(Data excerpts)
- - - -

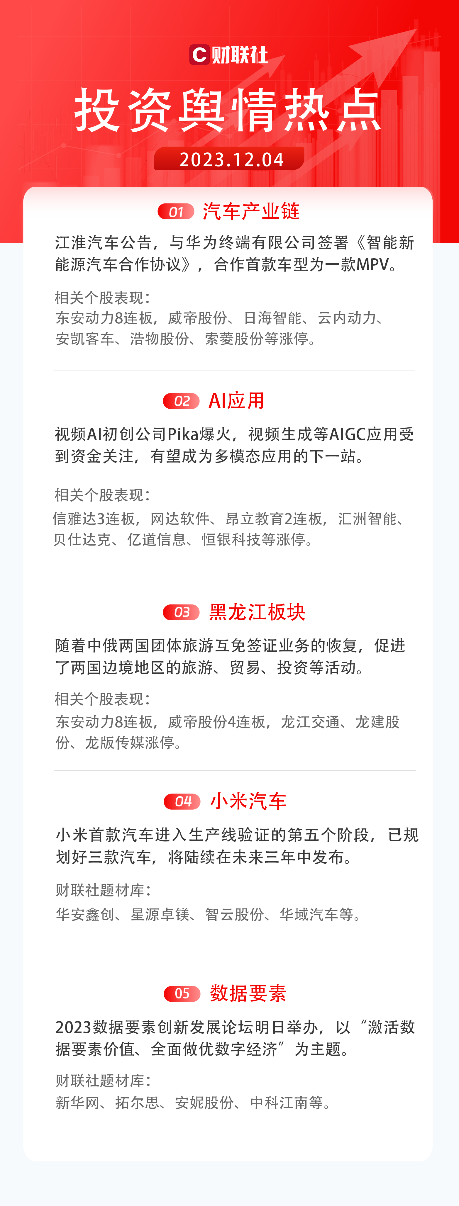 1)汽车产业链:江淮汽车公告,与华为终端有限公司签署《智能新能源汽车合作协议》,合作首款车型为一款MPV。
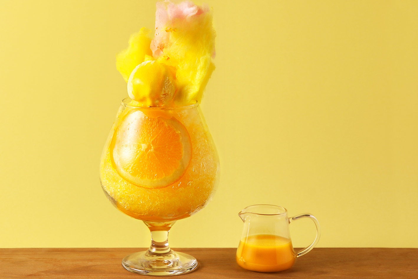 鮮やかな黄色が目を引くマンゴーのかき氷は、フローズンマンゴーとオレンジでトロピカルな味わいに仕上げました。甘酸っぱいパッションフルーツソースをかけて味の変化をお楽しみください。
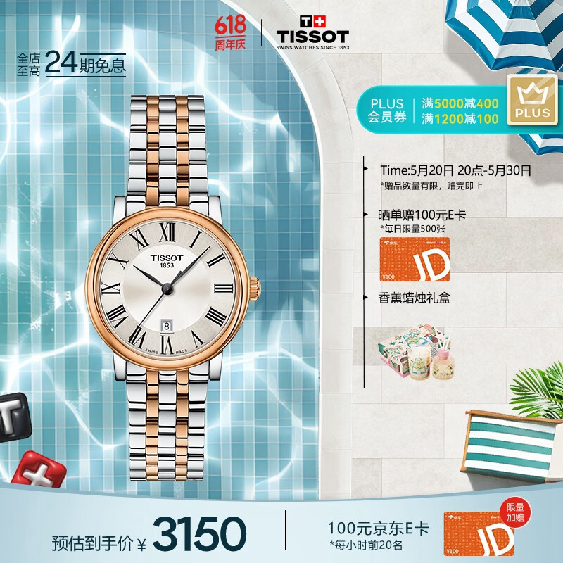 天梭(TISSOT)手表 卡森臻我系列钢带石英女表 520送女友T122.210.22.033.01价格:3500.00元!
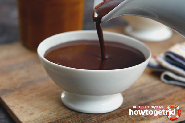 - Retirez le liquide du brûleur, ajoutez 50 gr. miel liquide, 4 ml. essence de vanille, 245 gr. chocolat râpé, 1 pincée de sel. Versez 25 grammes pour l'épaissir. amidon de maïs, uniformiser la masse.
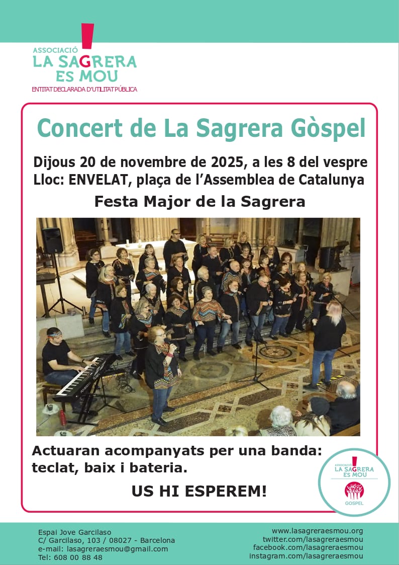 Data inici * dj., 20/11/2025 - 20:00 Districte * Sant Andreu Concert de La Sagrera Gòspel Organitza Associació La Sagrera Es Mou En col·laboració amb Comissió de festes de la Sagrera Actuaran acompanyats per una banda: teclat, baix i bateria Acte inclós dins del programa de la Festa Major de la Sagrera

- - - -

Exclude every picture, then return precisely the lines that run from the line containing "天梭(TISSOT)手表 卡森臻我系列钢带石英女表 520送女友T122.210.22.033.01价格:3500.00元!" through the end of the entries above.

 天梭(TISSOT)手表 卡森臻我系列钢带石英女表 520送女友T122.210.22.033.01价格:3500.00元!
 - Retirez le liquide du brûleur, ajoutez 50 gr. miel liquide, 4 ml. essence de vanille, 245 gr. chocolat râpé, 1 pincée de sel. Versez 25 grammes pour l'épaissir. amidon de maïs, uniformiser la masse.
 Data inici * dj., 20/11/2025 - 20:00 Districte * Sant Andreu Concert de La Sagrera Gòspel Organitza Associació La Sagrera Es Mou En col·laboració amb Comissió de festes de la Sagrera Actuaran acompanyats per una banda: teclat, baix i bateria Acte inclós dins del programa de la Festa Major de la Sagrera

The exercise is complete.